Task statement:
Here the answer must be the exact run of lines from the line holding "市教育局二级巡视员张力鸣,市" to the end of the material below, and nothing else.

== Segment start ==

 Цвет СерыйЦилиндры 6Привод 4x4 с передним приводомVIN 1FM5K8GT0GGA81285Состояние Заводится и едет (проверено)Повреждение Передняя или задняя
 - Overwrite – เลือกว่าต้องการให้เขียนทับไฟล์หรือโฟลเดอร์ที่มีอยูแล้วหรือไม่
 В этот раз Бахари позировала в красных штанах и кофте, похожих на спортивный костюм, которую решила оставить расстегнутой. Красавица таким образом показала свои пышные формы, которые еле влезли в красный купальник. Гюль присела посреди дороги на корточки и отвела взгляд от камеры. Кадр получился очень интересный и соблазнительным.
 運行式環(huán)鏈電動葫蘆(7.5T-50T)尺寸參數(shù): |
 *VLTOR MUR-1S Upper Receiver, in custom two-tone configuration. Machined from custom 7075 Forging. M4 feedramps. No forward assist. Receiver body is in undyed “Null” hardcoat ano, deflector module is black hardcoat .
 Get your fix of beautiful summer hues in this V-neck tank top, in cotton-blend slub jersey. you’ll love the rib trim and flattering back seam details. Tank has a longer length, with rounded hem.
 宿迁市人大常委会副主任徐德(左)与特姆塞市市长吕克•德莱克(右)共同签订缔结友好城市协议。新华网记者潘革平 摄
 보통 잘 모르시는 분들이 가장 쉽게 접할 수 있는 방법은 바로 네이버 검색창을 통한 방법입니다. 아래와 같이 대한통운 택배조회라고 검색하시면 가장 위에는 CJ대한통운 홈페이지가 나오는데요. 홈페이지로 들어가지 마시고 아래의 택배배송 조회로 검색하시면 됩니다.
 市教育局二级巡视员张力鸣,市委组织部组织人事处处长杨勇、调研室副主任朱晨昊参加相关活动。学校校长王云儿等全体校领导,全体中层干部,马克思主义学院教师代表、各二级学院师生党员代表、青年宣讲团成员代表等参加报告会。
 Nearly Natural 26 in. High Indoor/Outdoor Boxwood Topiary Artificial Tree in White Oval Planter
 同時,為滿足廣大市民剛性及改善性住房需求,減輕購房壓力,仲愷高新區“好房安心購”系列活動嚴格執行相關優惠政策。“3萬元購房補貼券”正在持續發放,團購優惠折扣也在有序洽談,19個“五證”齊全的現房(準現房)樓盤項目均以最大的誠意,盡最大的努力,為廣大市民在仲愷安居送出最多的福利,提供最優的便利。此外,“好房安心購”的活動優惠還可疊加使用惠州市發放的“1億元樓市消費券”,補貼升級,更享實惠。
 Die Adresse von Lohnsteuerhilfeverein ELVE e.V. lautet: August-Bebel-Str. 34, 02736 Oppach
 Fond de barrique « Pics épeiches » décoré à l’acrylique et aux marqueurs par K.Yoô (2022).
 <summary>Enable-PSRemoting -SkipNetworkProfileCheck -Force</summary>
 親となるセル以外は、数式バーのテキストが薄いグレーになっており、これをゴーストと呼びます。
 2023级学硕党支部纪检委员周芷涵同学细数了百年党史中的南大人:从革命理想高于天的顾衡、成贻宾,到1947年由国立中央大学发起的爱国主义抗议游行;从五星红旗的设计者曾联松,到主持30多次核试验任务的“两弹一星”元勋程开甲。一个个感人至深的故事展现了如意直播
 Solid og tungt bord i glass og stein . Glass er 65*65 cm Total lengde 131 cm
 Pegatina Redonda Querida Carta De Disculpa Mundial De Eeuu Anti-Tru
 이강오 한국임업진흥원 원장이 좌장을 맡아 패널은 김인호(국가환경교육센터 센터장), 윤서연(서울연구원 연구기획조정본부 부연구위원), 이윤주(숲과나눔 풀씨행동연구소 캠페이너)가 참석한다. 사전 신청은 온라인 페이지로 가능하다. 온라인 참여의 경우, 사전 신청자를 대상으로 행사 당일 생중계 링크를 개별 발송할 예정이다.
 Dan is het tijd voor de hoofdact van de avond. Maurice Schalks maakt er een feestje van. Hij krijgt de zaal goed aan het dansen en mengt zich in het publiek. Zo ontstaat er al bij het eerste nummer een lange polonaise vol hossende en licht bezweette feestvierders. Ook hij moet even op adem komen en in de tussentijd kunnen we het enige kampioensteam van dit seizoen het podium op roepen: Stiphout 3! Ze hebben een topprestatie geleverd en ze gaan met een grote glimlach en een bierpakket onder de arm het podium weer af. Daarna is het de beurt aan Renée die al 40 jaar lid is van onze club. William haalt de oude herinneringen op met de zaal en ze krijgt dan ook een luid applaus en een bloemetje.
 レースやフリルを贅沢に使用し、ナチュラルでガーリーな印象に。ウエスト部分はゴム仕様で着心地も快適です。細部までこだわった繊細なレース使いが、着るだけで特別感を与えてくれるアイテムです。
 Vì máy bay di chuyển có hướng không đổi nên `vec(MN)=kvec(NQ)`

== Segment end ==

Written response:
 市教育局二级巡视员张力鸣,市委组织部组织人事处处长杨勇、调研室副主任朱晨昊参加相关活动。学校校长王云儿等全体校领导,全体中层干部,马克思主义学院教师代表、各二级学院师生党员代表、青年宣讲团成员代表等参加报告会。
 Nearly Natural 26 in. High Indoor/Outdoor Boxwood Topiary Artificial Tree in White Oval Planter
 同時,為滿足廣大市民剛性及改善性住房需求,減輕購房壓力,仲愷高新區“好房安心購”系列活動嚴格執行相關優惠政策。“3萬元購房補貼券”正在持續發放,團購優惠折扣也在有序洽談,19個“五證”齊全的現房(準現房)樓盤項目均以最大的誠意,盡最大的努力,為廣大市民在仲愷安居送出最多的福利,提供最優的便利。此外,“好房安心購”的活動優惠還可疊加使用惠州市發放的“1億元樓市消費券”,補貼升級,更享實惠。
 Die Adresse von Lohnsteuerhilfeverein ELVE e.V. lautet: August-Bebel-Str. 34, 02736 Oppach
 Fond de barrique « Pics épeiches » décoré à l’acrylique et aux marqueurs par K.Yoô (2022).
 <summary>Enable-PSRemoting -SkipNetworkProfileCheck -Force</summary>
 親となるセル以外は、数式バーのテキストが薄いグレーになっており、これをゴーストと呼びます。
 2023级学硕党支部纪检委员周芷涵同学细数了百年党史中的南大人:从革命理想高于天的顾衡、成贻宾,到1947年由国立中央大学发起的爱国主义抗议游行;从五星红旗的设计者曾联松,到主持30多次核试验任务的“两弹一星”元勋程开甲。一个个感人至深的故事展现了如意直播
 Solid og tungt bord i glass og stein . Glass er 65*65 cm Total lengde 131 cm
 Pegatina Redonda Querida Carta De Disculpa Mundial De Eeuu Anti-Tru
 이강오 한국임업진흥원 원장이 좌장을 맡아 패널은 김인호(국가환경교육센터 센터장), 윤서연(서울연구원 연구기획조정본부 부연구위원), 이윤주(숲과나눔 풀씨행동연구소 캠페이너)가 참석한다. 사전 신청은 온라인 페이지로 가능하다. 온라인 참여의 경우, 사전 신청자를 대상으로 행사 당일 생중계 링크를 개별 발송할 예정이다.
 Dan is het tijd voor de hoofdact van de avond. Maurice Schalks maakt er een feestje van. Hij krijgt de zaal goed aan het dansen en mengt zich in het publiek. Zo ontstaat er al bij het eerste nummer een lange polonaise vol hossende en licht bezweette feestvierders. Ook hij moet even op adem komen en in de tussentijd kunnen we het enige kampioensteam van dit seizoen het podium op roepen: Stiphout 3! Ze hebben een topprestatie geleverd en ze gaan met een grote glimlach en een bierpakket onder de arm het podium weer af. Daarna is het de beurt aan Renée die al 40 jaar lid is van onze club. William haalt de oude herinneringen op met de zaal en ze krijgt dan ook een luid applaus en een bloemetje.
 レースやフリルを贅沢に使用し、ナチュラルでガーリーな印象に。ウエスト部分はゴム仕様で着心地も快適です。細部までこだわった繊細なレース使いが、着るだけで特別感を与えてくれるアイテムです。
 Vì máy bay di chuyển có hướng không đổi nên `vec(MN)=kvec(NQ)`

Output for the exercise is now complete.